2. Secondly, in a recent ‘Foreign Affairs’ article, Zbigniew Brzezinski proposed a new and ambitious future roadmap for NATO. The Transatlantic Alliance, he argued, could and should become the centre of a global web of inter-related alliance systems and non-NATO partner states, reaching across most regions of the world. Firstly, is it feasible—economically, militarily and politically—for the Alliance to take on such a key role in global security for the Twenty-First Century? If so, should we expect resistance from powerful international players, who may not see this global expansion of NATO’s role in a benign light?
Thank you once more.
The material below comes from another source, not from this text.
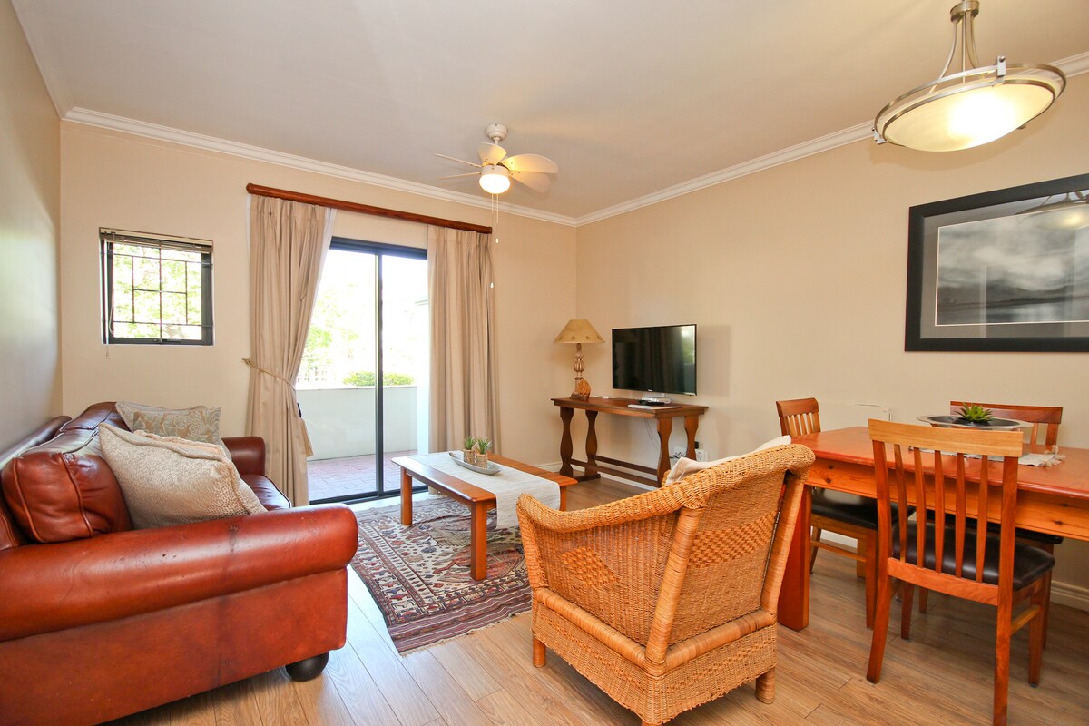 A Franschhoek-hegység alatt található biztonságos birtokon Tágas, 2 hálószobás, mindkettő saját fürdőszobával rendelkezik. Gyönyörű, nagy konyha saját mosogatóval. Légkondicionált Saját terasz/erkély braai és hegyekre nyíló kilátással. Egy vagy két pár nagyon kényelmesen elfér. 2 medence áll rendelkezésre a birtokon, étterem, bár, gyógyfürdő. Élvezd a könnyű hozzáférést mindenhez a faluban erről a központi elhelyezkedésű helyről.

I hope that these questions can positively contribute to this discussion, which is both difficult and necessary.
Daryl Morini,
Australia -
I see possibilities , stil.
allians en consepts .
strategies, in discussion , about the dutch to remain troops in afganistan, is one off a biggest error,
The part they have , to stay involved. is one off significant importants,
Things should be arranged in to right prospects, The eu on track, the nato on track.
One big familie.
and allied partners outside offf it as friends….
with regards and sinsere.
LYA -
The current NATO Strategic Concept states that the Alliance security interests can be affected by the disruption of the flow of vital resources. The new Strategic Concept will most probably confirm this assessment. At their Bucharest Summit (2008), the Allies noted a report on “NATO’s Role in Energy Security” that identifies a number of key areas where NATO can provide added value. One of them is advancing international and regional cooperation.
In this context, as consultations are ongoing as to the depth and range of NATO’s involvement in energy security, how do you see the linkage between further advancing NATO partnerships, on the one hand, and the need to secure the supply flow of vital resources, including energy, on the other? Do you think that the new NATO Strategic Concept should explicitly bring to light this correlation?Mihail Naydenov
Bulgaria-
Mihail,
I hope that your question was answered to your satisfaction. I think you hit the nail on the head. I think Bulgaria is a very important ally in the new energy puzzle.Happy New Year.